Stocks ended last session higher even though the new economic data showed that weekly unemployment insurance claims far exceeded expectations. The markets have been volatile in the previous months as the countries went into lockdown due to the coronavirus pandemic.
The Dow Jones increased by 534 points before declining briefly. On the other hand, the S&P 500 and Nasdaq each hit the lowest record over the last two weeks on Wednesday. Investors’ concern about extended stay-in-place orders and widespread lockdown caused such decline.
New jobless claims doubled, reaching 6.648 million as an increasing number of businesses shut down operations. The claims’ record level underscored the negative impact the outbreak has had on the domestic economy, causing the labor market swift devastation rather than building to a peak as in prior downturns.
Coronavirus’ impact on the stocks is more severe, then analysts anticipated
Chris Rupkey, the chief financial economist for MUFG Banks, stated that analysts expected massive job losses. According to him, Washington and state governments were not prepared for the rapid spread of the coronavirus.

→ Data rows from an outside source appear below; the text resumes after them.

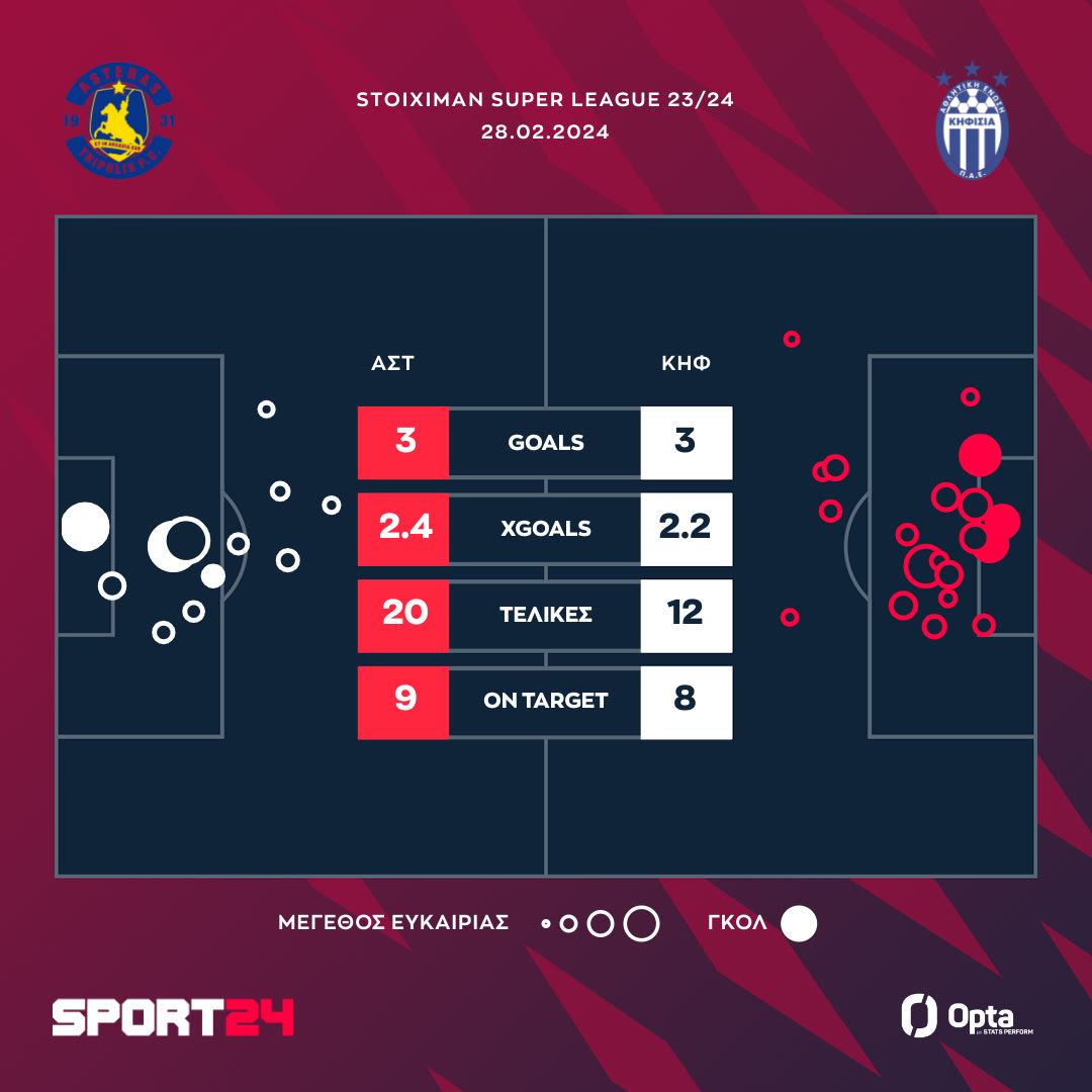 Τα xgoals και οι τελικές προσπάθειες στην αναμέτρηση του Αστέρα με την Κηφισιά
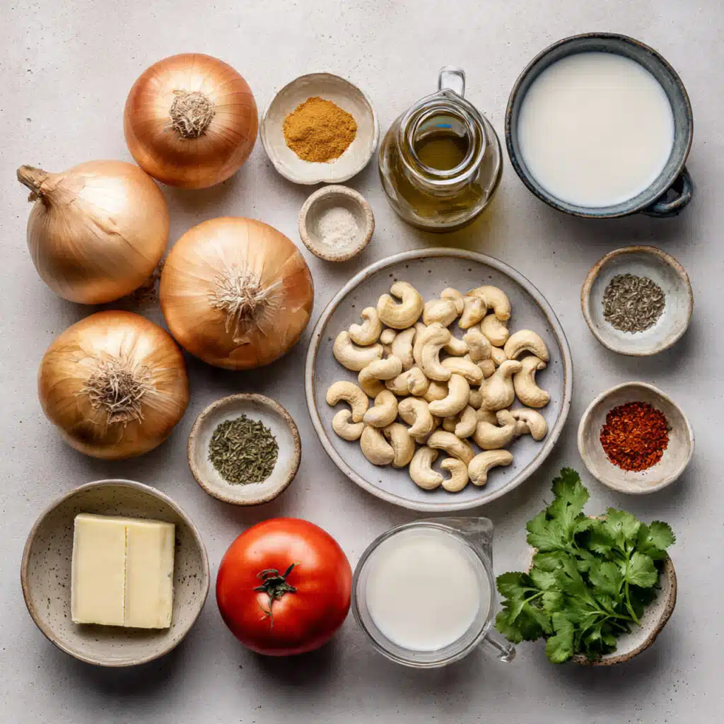 A rich and comforting North Indian style onion curry made with tender baby onions simmered in a silky cashew, tomato, milk, and cream gravy with warm spices.
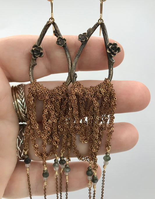 Earrings: Flower Tassel: Bronze/Hot Pink chain
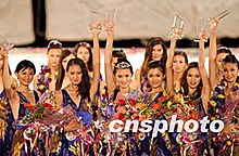 2003年新丝路模特大赛总决赛十四日晚在三亚天涯海角举行,五十一名佳丽参加角逐。来自湖南的肖青获得冠军,谷雨、姚瑶获得 亚军,罗君、张小雯以及来自台湾的吴育臻获得季军。 (点击图片看大图)
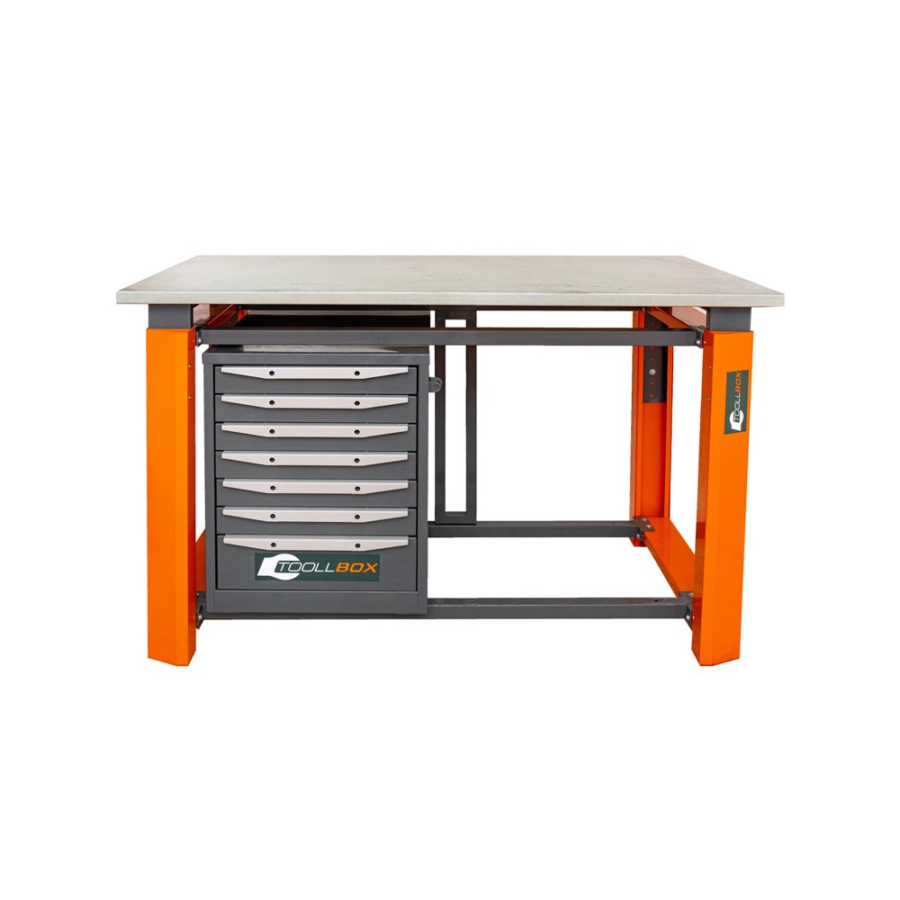 Верстак ТВР1200(ТВ7) cтолешница изготовлена из фанеры 30мм и закрыта стальным оцинкованным листом 1,2мм. Глубина столешницы 750мм. Предусмотрена регулировка положения столешницы по высоте. Высота регулировки столешницы верстака может регулироваться по желанию заказчика в диапазоне 924-1044 мм.
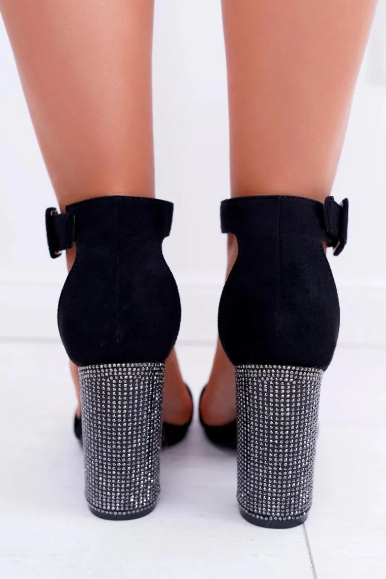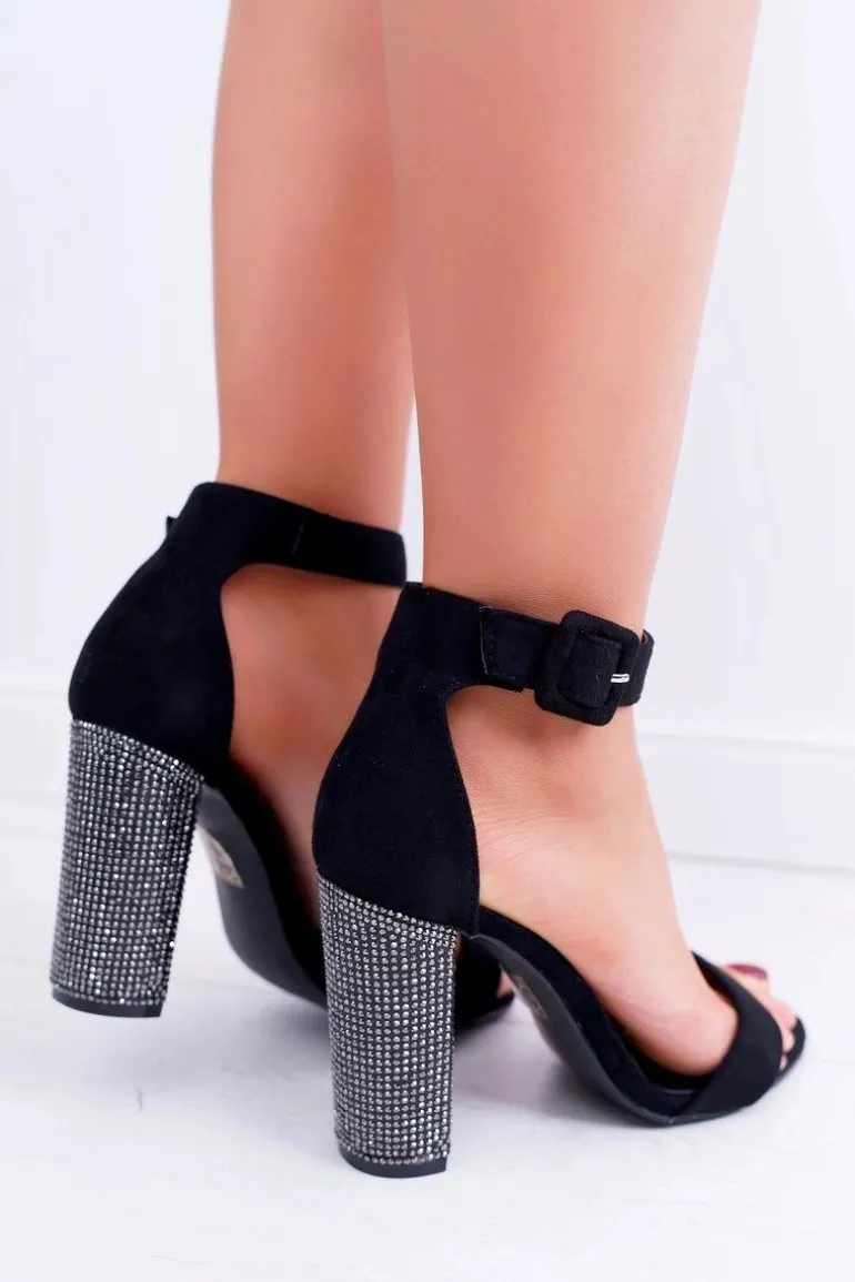 Sandały Na Słupku Z Cyrkoniami Lu Boo Czarne
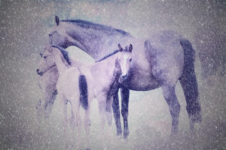 Keywords: horses foal winter snow cold
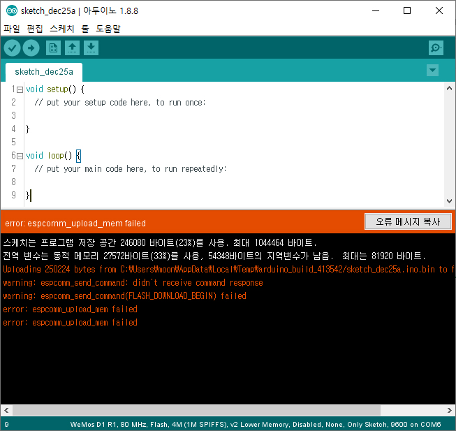 3. USB를 연결하고 다시 업로드를 실행한다.
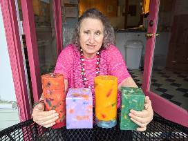 Candles are available in a wide variety of colors and hues (jewel tones and pastels). When you make a candle purchase, you'll be asked to enter your top two color preferences and we'll do our best to match your request. If you don't have a preference, please say "no preference". When ordering more than 1 of the same size candle, please indicate preferences for each candle. Average sizes are 2"x4", 3"x5" and 3"x7.5".

The social distancing measures, while a necessary step to prevent the virus, have weighed heavily on the economy, as well as individual businesses, many of which have had to lay off workers. Automakers Fiat Chrysler and General Motors each reported sharp first-quarter sales declines, as consumers preferred to stay at home.
However, crude oil prices surged recently, rising more than 34% at the intraday highs on Thursday. President Donald Trump stated that he expected Saudi Arabia and Russia to pare back production by millions of barrels of oil per day. According to reports, China was planning to start purchasing crude oil for its strategic reserves. That further inflated the oil’s price.
As a result, some stocks managed to edge up slightly. They finished the last session in better condition, then the analysts expected.